Bootlegger no longer sell V/Mills



> Hi,
> 
> I'm sorry, but we don't have any Valley Mills in stock and the company no longer wants to sell to retail shops, which means that we can't get any more Valley Mills. We are at the moment investigating the possibility of getting mills (Phil's Mill) from an American company. We know a few brewers who use the Phil's Mill with good success. If we do end up carrying this mill, we will post it on our web site.
> 
> ...


----------



## chiller (21/5/04)

I have been the proud owner of a PhilMill 1 the single roller version which I substanstianlly modified and now use a Barley Crusher.

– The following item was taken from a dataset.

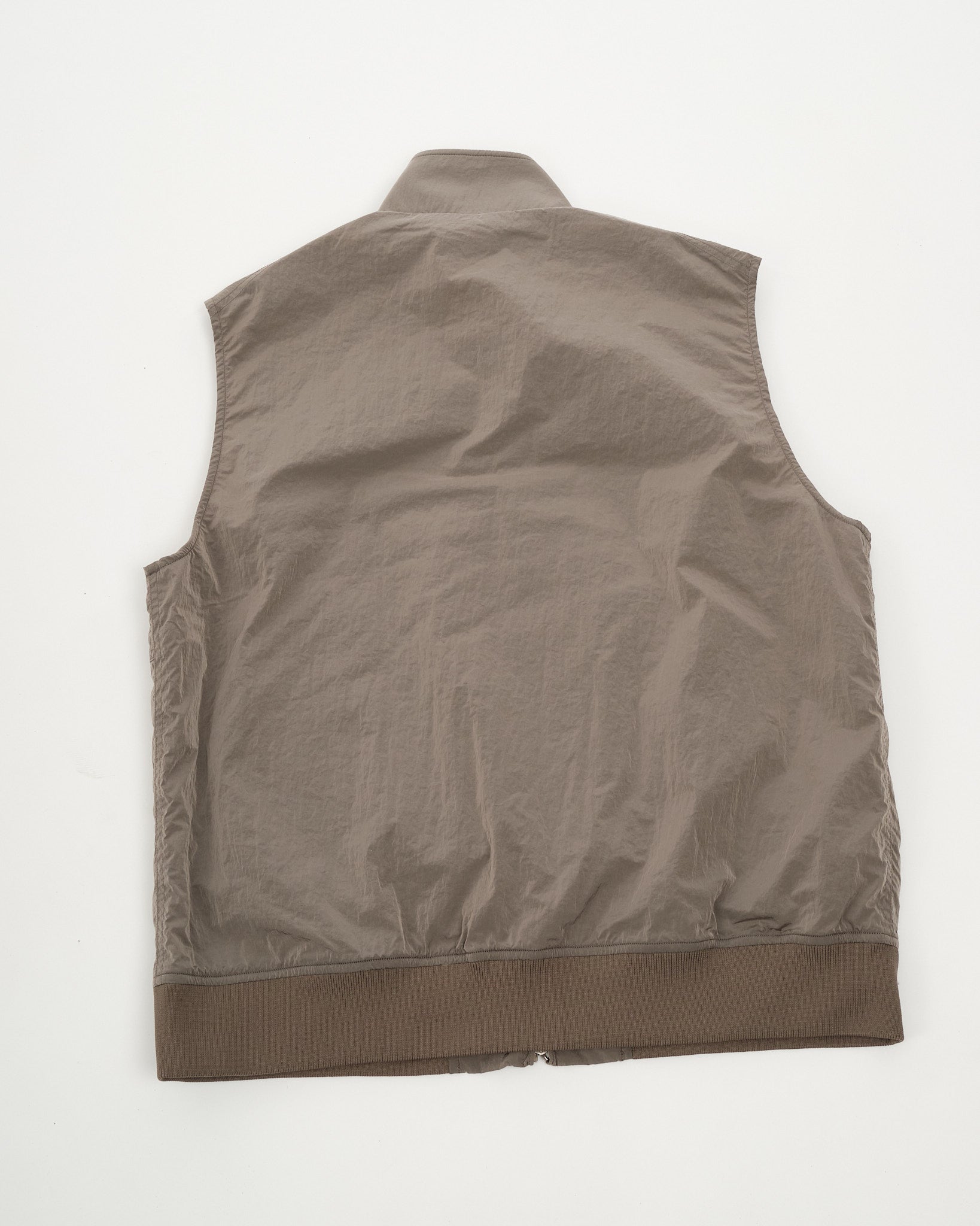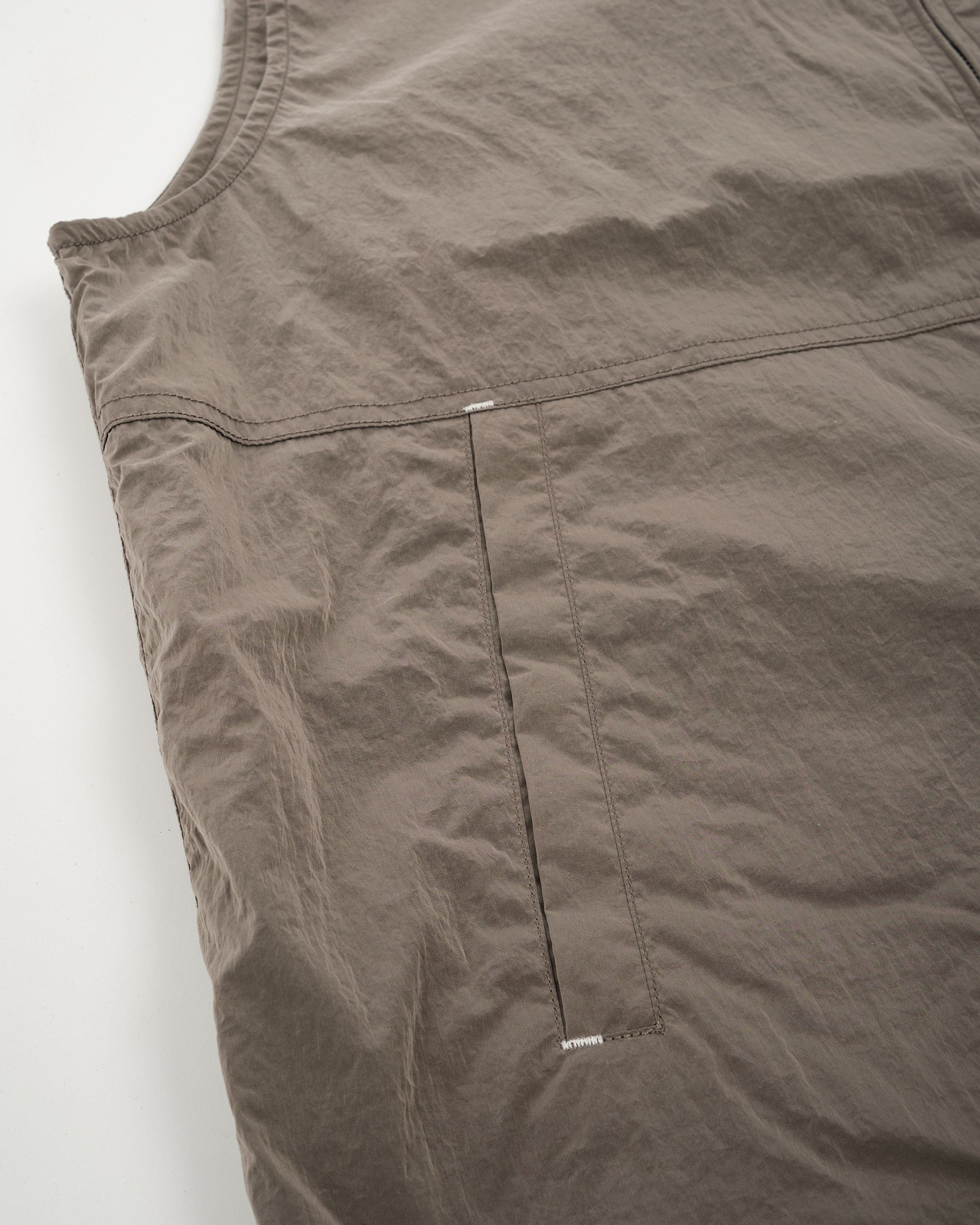 Ontdek het ontwerp van de Beige Nanamica SUAS412E Zip Up Wind Vest, een mix van traditionele swingtops en hedendaagse outdoorvesten. Gemaakt van nylon taffeta biedt de stof een opvallende driedimensionale uitstraling met veranderende tinten afhankelijk van hoe je ernaar kijkt. Dit effect wordt bereikt door de draden te kleuren en de inslagdraden zwart te verven. Met vier handige utility zakken aan de binnenkant is dit vest. Modieus en praktisch, voor dagelijks gebruik of buitenavonturen.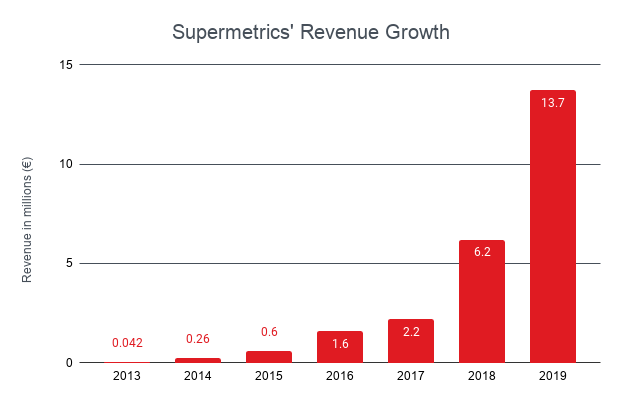 Now, exactly one year later in February 2020, Supermetrics just passed €20M in ARR (≈$22M).

The PM gets a work out from the Drunk Arab now so I know it is in good hands.

The Barley Crusher is exceptional. The crush is extremely uniform.

Mine is powered by an old skil variable speed electric drill and the crush takes very little time. 

Construction of the BC is very nice, I see it out lasting me. My construction isn't what it used to be.

Adjustment of the mill is reasonably simple but for the ultimate adjustable crush nothing compares to the PM.

I have a friend here in Adelaide has a VM and it is a very well made mill as well. His is motorised with a 24v windscreen wiper motor and he fills and forgets while the water heats. 

I got my BC from Gerard Meares in Sydney.

Every mill owner will naturally say his mill is the best. All mills set up correctly will give very close to the same results. The advantage of your own mill is the consistency of crush and repeatable results.

9/10 the BC 

8.5/10 the VM

8.5/10 PM1 [Just a bit slower in operation but a beautiful crush.]

Steve


----------



## wedge (21/5/04)

Funny though it is cheaper to import tha BC from USA then get from northern districts brewing


----------



## Jazman (21/5/04)

bc mill i will have for me ina months time as me old man bringing one back for form the states with out the hopper and timber base which i will make all up $80 usd nice and cheap


----------



## big d (21/5/04)

sorry for going off topic but is your dad bringing back any micro brew beers?
hope so as i will be keen to hear the taste tests.

cheers
D


----------



## Jazman (22/5/04)

yep a snpa and maybe a steam beer and i wil see and a sfor discribing them im bloody hopless


----------



## Trough Lolly (22/5/04)

I got sick of looking at grain mills in the US and Canada - the price of the mills is bad enough and when you add postage...forget it!

I've just ordered a Marga Mill from Grumpies for $90. Ok, it's not a you beaut Barley Crusher or Valley Mill, but guess what - it crushes grain through a triple roller system that is adjustable and they've fitted a wider mouth for the hopper to go into and you can attach a drill to the sucker. I'll fix it on a piece of MDF with a cutout and put the lot on top of a pail and away we go!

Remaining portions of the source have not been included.